This day in history: A pre-disgrace Bill Cosby performed with ‘punch’ in Spokane
From 1975: Bill Cosby performed his comedy act at the Spokane Opera House, and he continued “to slice cleanly across the entire realm of human experience.”
At least, that’s what Spokesman-Review critic Les Blumenthal said.
“Cosby is a craftsman, building foundations for his material and it is this attention to detail that gives his style its punch,” Blumenthal wrote.

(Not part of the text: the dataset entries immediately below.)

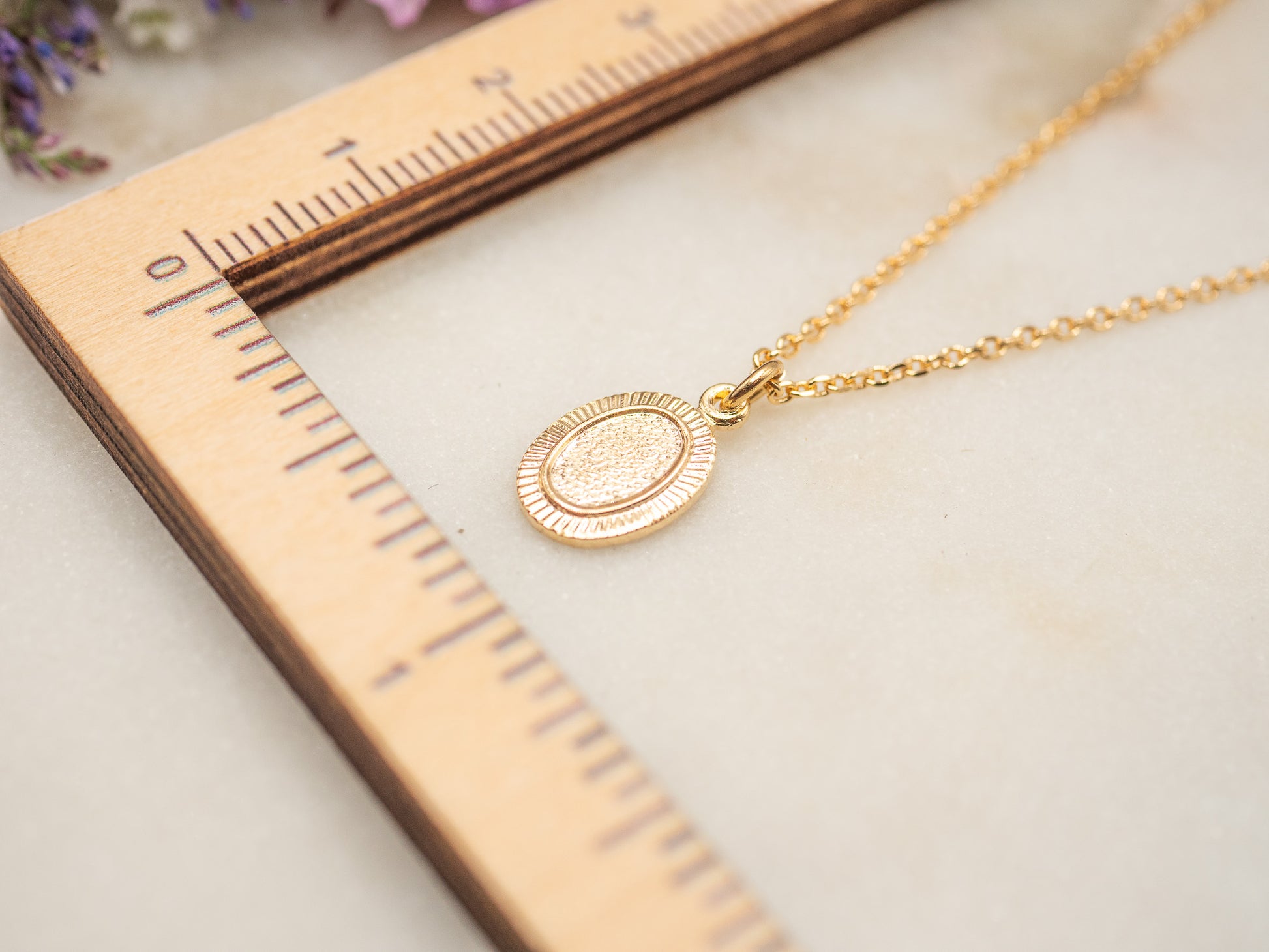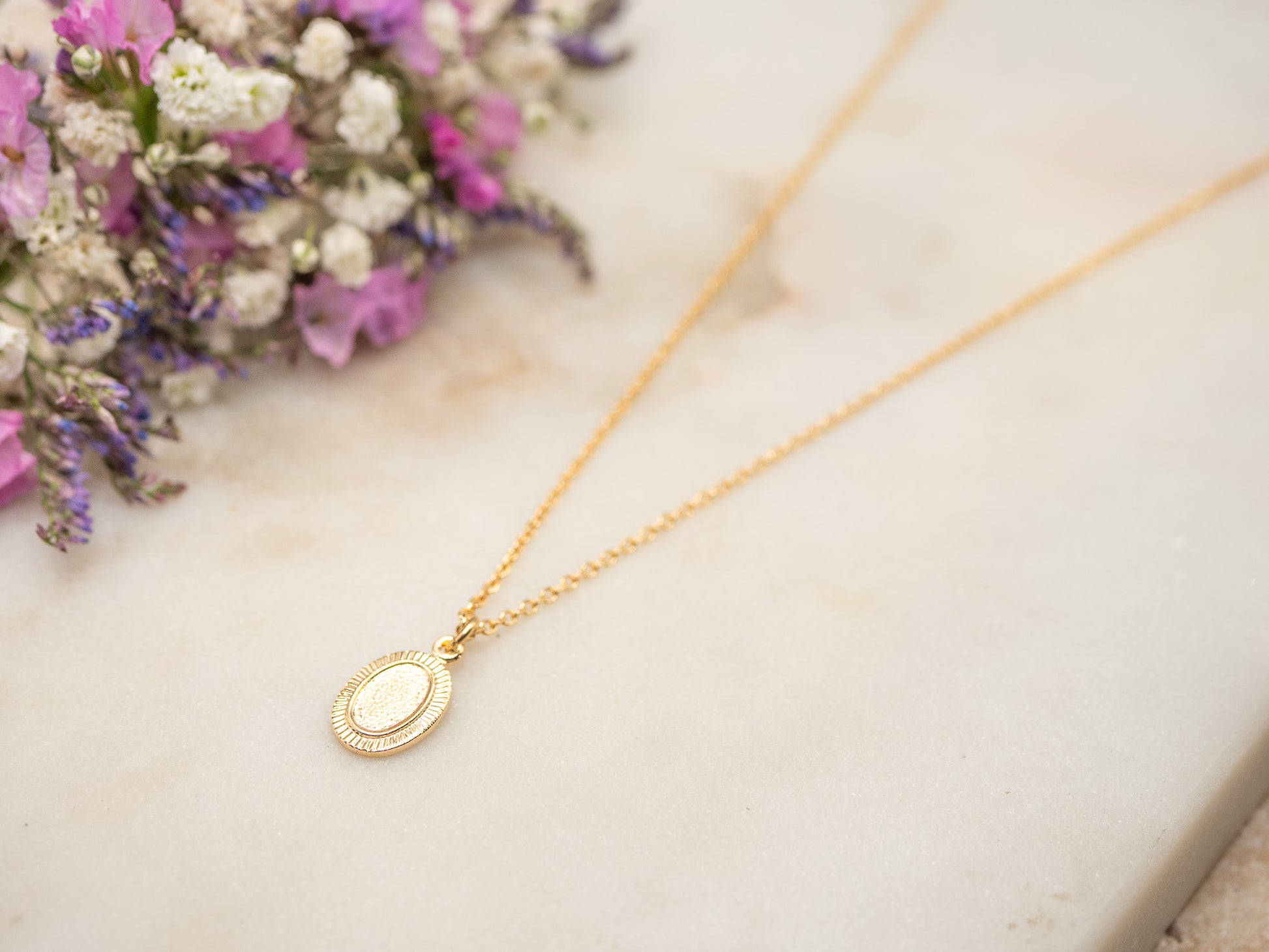 Le collier Beatrice séduit par son charme intemporel, à la croisée du style vintage londonien et de la finesse contemporaine. Son pendentif ovale (1,5 cm × 1,1 cm), travaillé en plaqué or 18 carats, présente un relief délicat entouré d’un contour finement ciselé qui capte la lumière avec élégance.
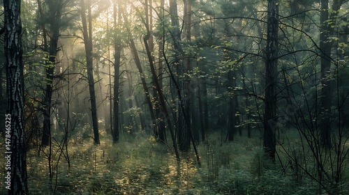 Fototapeta premium Sunlit Forest Scene Showing Trees Sunlight And Green Foliage In A Peaceful...
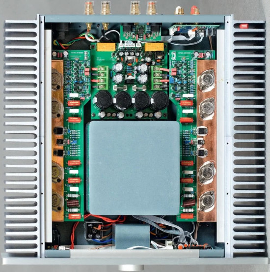 Wejścia analogowe są przełączane w układach scalonych. W każdym kanale pracują po dwie komplementarne pary tranzystorów Toshiba (2SA1941 + 2SC5198) przykręconych do dużego radiatora. Przygotowano też rozbudowany zasilacz, z transformatorem toroidalnym o mocy 400 W.
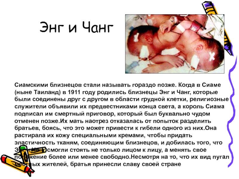 (ныне Таиланд) в 1911 году родились близнецы Энг и Чанг, которые были соединены друг с другом в области грудной клетки, религиозные служители объявили их предвестниками конца света, а король Сиама подписал им смертный приговор, который был буквально чудом отменен позже.Их мать наотрез отказалась от попыток разделить братьев, боясь, что это может привести к гибели одного из них.Она растирала их кожу специальными кремами, чтобы придать эластичность тканям, соединяющим близнецов, и добилась того, что Энг и Чанг смогли стоять не только лицом к лицу, а менять свое положение более или менее свободно.Несмотря на то, что их вид пугал местных жителей, братья принесли славу своей стране
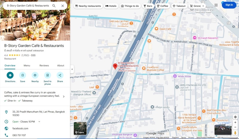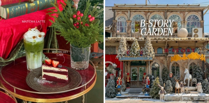 B Story Garden Cafe는 방콕 람인트라 고속도로 인근에 위치한 유명 카페로, 매년 크리스마스 시즌마다 특별한 테마 장식을 선보이는 곳입니다.
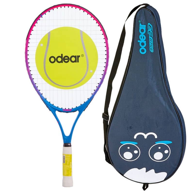 Легка дитяча ракетка для великого тенісу від ODEAR вирізняється міцністю конструкції та стильним дизайном. Снаряд виготовлений з алюмінію, що дає змогу використовувати ракетку як навченим гравцям, так і початківцям-аматорам. Метал досить міцний, щоб витримати похибки в техніці і дозволити насолоджуватися грою. Ручка ракетки покрита базовою обмоткою. Вона гасить вібрацію від удару, захищає зап'ястя, лікоть і плече від травм. Крім того, обмотка забезпечує комфорт гри, запобігаючи ковзанню ракетки і забезпечуючи більш щільний хват. Голова ракетки має велику площу струнного покриття, формула струн - відкрита. Потужна ракетка дає змогу виконувати сильні удари з мінімальним замахом. Дизайн ракетки виконано в яскравих, привабливих кольорах, у комплекті передбачено чохол.
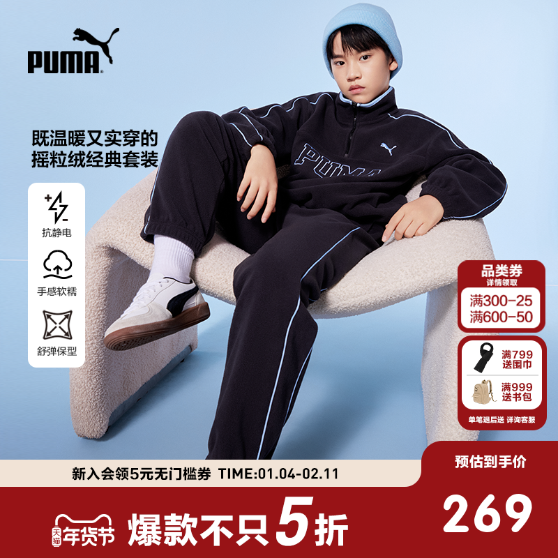 PUMA彪马童装2025新款儿童长袖套装男童女童拉链套装摇粒绒两件套
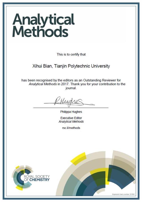 卞希慧被英國皇家化學會旗下的Analytical Methods期刊評為2017年度杰出審稿人。
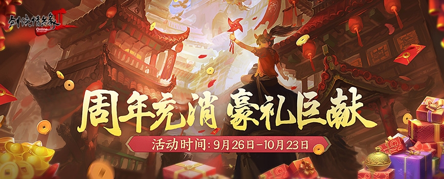 周年派对将开启三节连过、周年庆典等十四大福利活动,一起欢度周年庆、国庆、重阳节三大时刻,狂欢一整月!
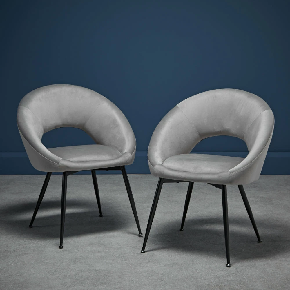 The Lulu velvet dining chair brings together comfort, style and softness with its on trend cut out back. Upholstered in plush velvet available in a choice of soft pink, pale grey or classic black. Sold in packs of 2.
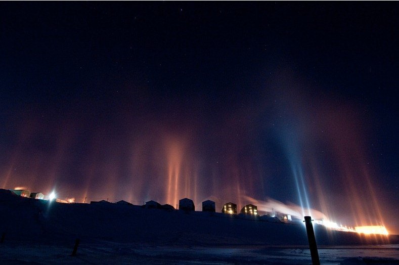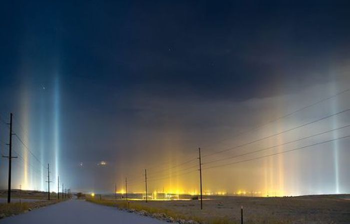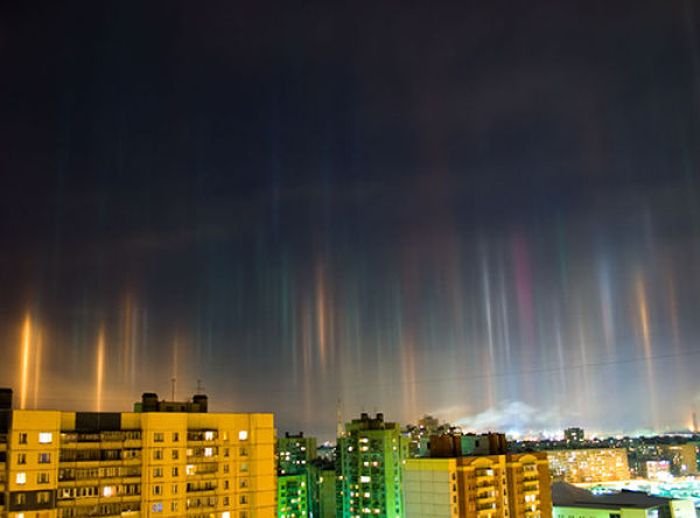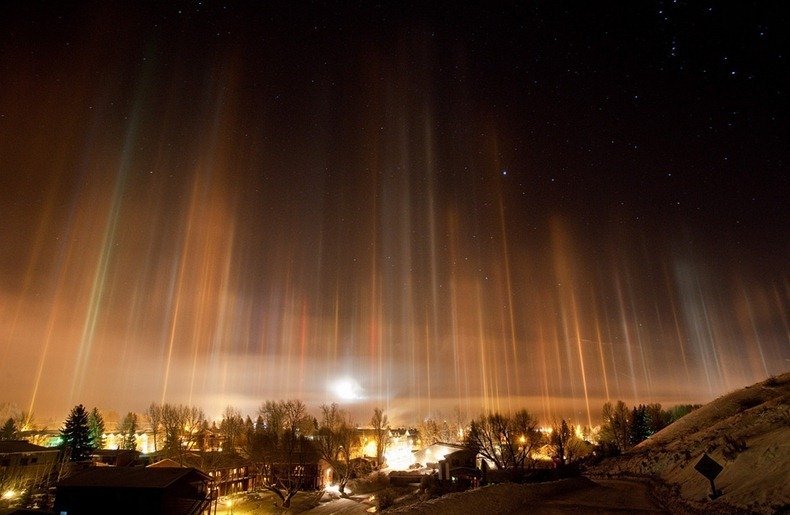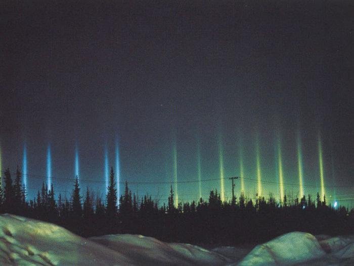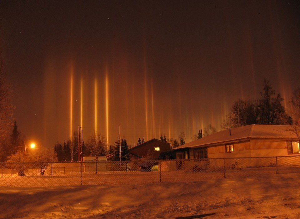 Это визуальное атмосферное явление происходит при отражении искусственного или естественного света, попадающего на грани ледяных кристаллов, содержащихся в воздухе. Источник света, находящийся близко от поверхности либо на самой поверхности Земли, вызывает появление светового столба над парящими кристаллами.

Cosby had performed at Expo ’74 a year earlier. Blumenthal said “most of the material used Tuesday night was new to Spokane, and that which he used last year was just as funny the second time around.”
From 1925: The Poor Clare Sisters would be getting a new home in Spokane. The sisters in the Catholic order formerly occupied a three-story building at Mission and Cincinnati, but it was sold to the Sisters of Charity of the House of Providence and converted to “an old people’s home.”
Now, the Poor Clare order had purchased a block at Princeton and Cedar and planned to build a three-story brick building, with 30 rooms and a large chapel.
Also on this day
(From onthisday.com)
1863: President Abraham Lincoln issues “eye-for-an-eye” order to shoot a rebel prisoner for every Black prisoner shot.
1928: George Eastman shows the first amateur color motion pictures to guests, including Thomas Edison, at his New York house.
1935: Penquin publishes its first book, starting the revolution of the paperback. Priced at sixpence each, paperbacks featured a distinctive design and a color-coded system: orange for fiction, blue for biography and green for crime.